Search code examples
javaxmlandroidsaxstringreader

Using Android SAXParser, one my my XML Elements is mysteriously breaking in half


And its not '&'

Im using the SAXParser object do parse the actual XML.

This is normally done by passing a URL to the XMLReader.Parse method. Because my XML is coming from a POST request to a webservice, I am saving that result as a String and then employing StringReader / InputSource to feed this string back to the XMLReader.Parse method.

However, something strange is happening at the 2001st character of the XMLstring.
The 'characters' method of the document handler is being called TWICE in between the startElement and endElement methods, effectively breaking my string (in this case a project title) into two pieces.

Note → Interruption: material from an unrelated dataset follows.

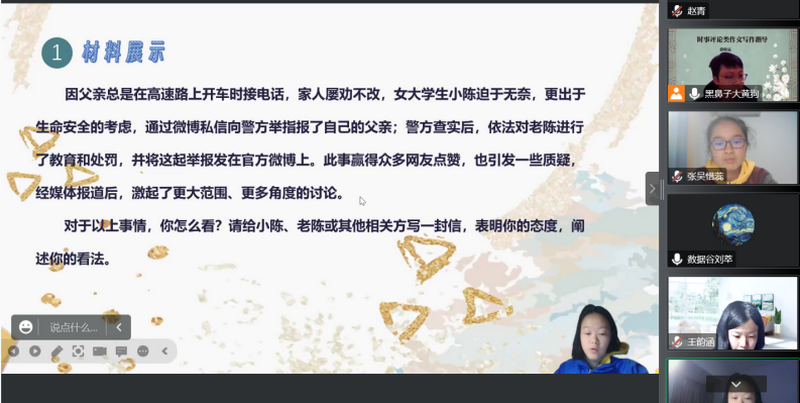 张小林老师肯定了薛老师在课前所做的详尽扎实且有序列性的工作,她认为这堂课亮点十足,是一场思维成果展示与网络技术完美结合的一堂课。学生用共享屏幕的方式呈现学习成果,是线下教学无法实现的。张老师认为,王荣老师的选题贴近学生的生活,注重层层剖析,对学生进行思维引导和碰撞,打开了思维的大门。

Because I am instantiating objects in my characters method, I am getting two objects instead of one.

This line, about 2000 chars into the string fires 'characters' two times, breaking between "Lower" and "Level"

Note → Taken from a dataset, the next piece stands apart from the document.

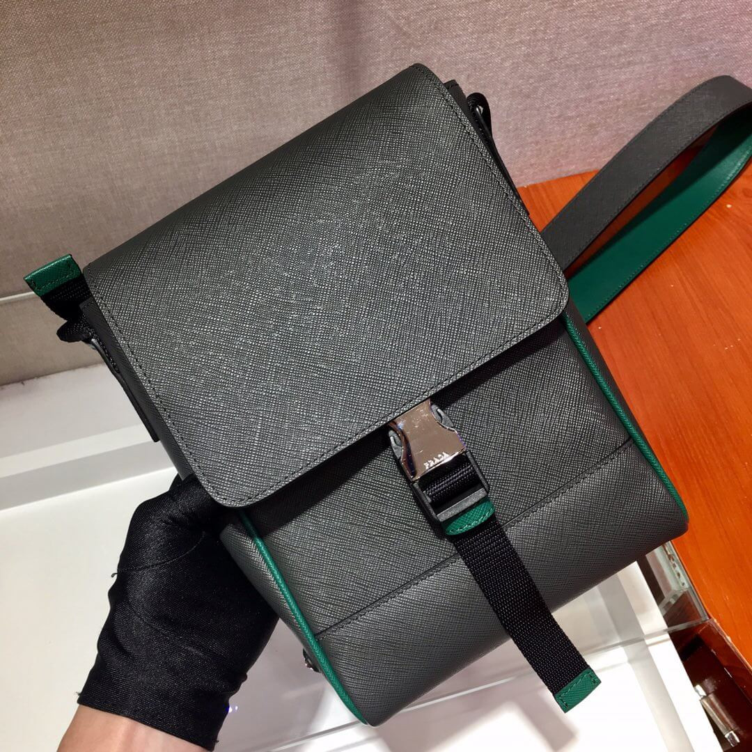 Prada Saffiano Leather Shoulder Bag 2VD019 Dark Green

<title>SUMC-BOOKSTORE, LOWER LEVEL RENOVATIONS</title>

When I bypass the StringReader / InputSource workaround and feed a flat XML file to XMLReader.Parse, it works absolutely fine.

Something about StringReader and or InputSource is somehow screwing this up.

Here is my method that takes and XML string and parses is through the SAXParser.

    public void parseXML(String XMLstring) {
    try {
        SAXParserFactory spf = SAXParserFactory.newInstance();
        SAXParser sp = spf.newSAXParser();
        XMLReader xr = sp.getXMLReader();
        xr.setContentHandler(this);

        // Something is happening in the StringReader or InputSource 
        // That cuts the XML element in half at the 2001 character mark.

        StringReader sr = new StringReader(XMLstring);
        InputSource is = new InputSource(sr);
        xr.parse(is);


    } catch (IOException e) {
        Log.e("CMS1", e.toString());
    } catch (SAXException e) {
        Log.e("CMS2", e.toString());
    } catch (ParserConfigurationException e) {
        Log.e("CMS3", e.toString());
    }
}

I would greatly appreciate any ideas on how to not have 'characters' firing off twice when I get to this point in the XML String.

Or, show me how to use a POST request and still pass off the URL to the Parse function.

THANK YOU.


Solution

  • As donroby said it's perfectly legitimate for the parser to call the characters method more than once between startElement and endElement. However that isn't "misbehaving" at all and you shouldn't try to finagle things so that it doesn't happen. Your parser seems to be using a 2000-character buffer, but there are other reasons it might break a text node into parts.

    What you should do is to accumulate data in the characters method and process it later, in the endElement method when you are sure you have accumulated all of the character data for the node.